Октябрь — страница 31 из 71

В эти пьянящие дни, когда коалиционное правительство боролось за то, чтобы не потерять контроль над ситуацией в стране, у ее критиков «слева» были проблемы в обеспечении контроля над своими собственными сторонниками.

* * *

Многочисленные нации бывшей Российской империи чувствовали новые возможности, открывавшиеся перед ними.

С 1 по 11 мая в Москве состоялся Всероссийский съезд мусульман, инициатором которого выступила мусульманская фракция Государственной думы. В столицу прибыло девять сотен делегатов от мусульманского населения – башкиры, осетины, турки, татары, киргизы и многие другие.

Почти четверть из них были женщины, в том числе депутатки от женского мусульманского съезда в Казани. В президиуме (из двенадцати человек) была одна татарка, Селима Якубова. Когда один из мужчин спросил, с какой это стати мужчины должны предоставлять женщинам политические права, Селима Якубова ответила ему: «Вы слушаете представителей духовенства и не возражаете им, вы действуете так, словно можете предоставить нам права. Вместо этого мы сами возьмем их!»

Съезд был посвящен нескольким острым вопросам. Однако сильная по своему содержанию программа женских прав была принята. Кроме того, поскольку на съезде были представители левых сил, была запрещена (пусть только символически) полигамия. Выступив против могущественной татарской буржуазии в вопросе экстерриториальной культурно-национальной автономии и против ее панисламских устремлений, съезд проголосовал за федералистскую позицию этой автономии.

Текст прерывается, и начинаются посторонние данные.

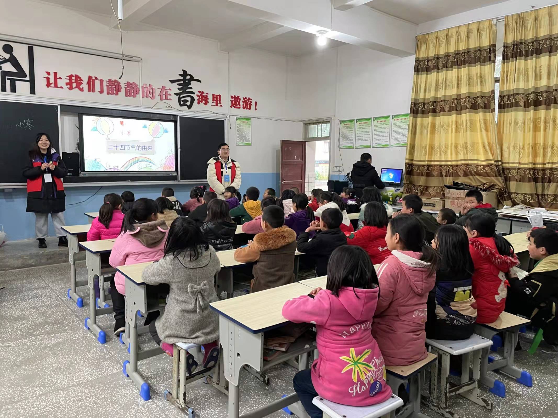 罗宁、张可秋两位志愿者将“二十四节气”浓缩为一场生动活泼的美景美食盛宴,结合“节气歌”击鼓传花游戏,激发他们对中华传统文化的兴趣。李玉萍、李雨晴和李怡洁三位志愿者趣味科普“八大行星”,以童谣将孩子们引入浩瀚无垠的宇宙,让他们初步了解八大行星、尝试组装八大行星模型,在轻松愉快氛围中收获天文知识。张嘉敏和玉波香两位志愿者以“祖国家园有什么”为题介绍中国,带领孩子们领略祖国的锦绣河山和秀美风光。通过拼图游戏加深孩子们对祖国的了解,初步培养他们的地理素养和国家观念。彭雅丽、刘菊两位志愿者带领孩子们重走“西游”之路、品味沿途的风土人情,让他们从古典名著中品味玄奘不畏艰险的精神、掌握相应历史地理知识。志愿服务队还分赴两个贫困家庭进行家访,为他们送去物资和问候,并向家长宣传助学政策,鼓励孩子们努力学习、志存高远。

Это вполне могло способствовать (и действительно способствовало) укреплению призыва к национальному освобождению.

Подобные требования росли и ширились. 13 мая состоявшийся в Семипалатинске (провинциальный населенный пункт на границе с Китаем, где проживали в основном кочевники) киргизско-казахский съезд послал приветствие Петросовету, выразив свою с ним солидарность. Этот съезд также подтвердил свое право на «культурно-национальное самоопределение» и «политическую автономию». В Финляндии Февральская революция активизировала стремление к автономии – а возможно, и к нечто большему. Правительство в Петрограде просило финнов подождать созыва Учредительного собрания, иначе они могли подать плохой пример для других национальностей. В Бессарабии был созван съезд молдавских крестьян. Левые, доминировавшие в новой Молдавской национальной партии, требовали «самой широкой автономии». В период с 18 по 25 мая в Киеве состоялся Первый Всеукраинский военный съезд. В нем приняли участие более 700 делегатов, которые представляли миллион человек как с фронта и флота, так и с тыла. Это был весьма решительный голос для национального самоопределения.


По сообщению меньшевистского журнала «Рабочая газета», теперь, после революции, «Временное правительство полностью отрезало себя от империалистических влияний» и направлялось к «всеобщему миру». 6 мая издание Советов газета «Известия», в спокойном тоне оповестив о необходимости продолжения войны, наряду с этим заявила, что русские «могут меньше всего делать это… с их энергией и мужеством… и в твердой уверенности, что их героические усилия не будут использованы для зла… [но] с той же целью – защитить революцию и как можно скорее обеспечить всеобщий мир».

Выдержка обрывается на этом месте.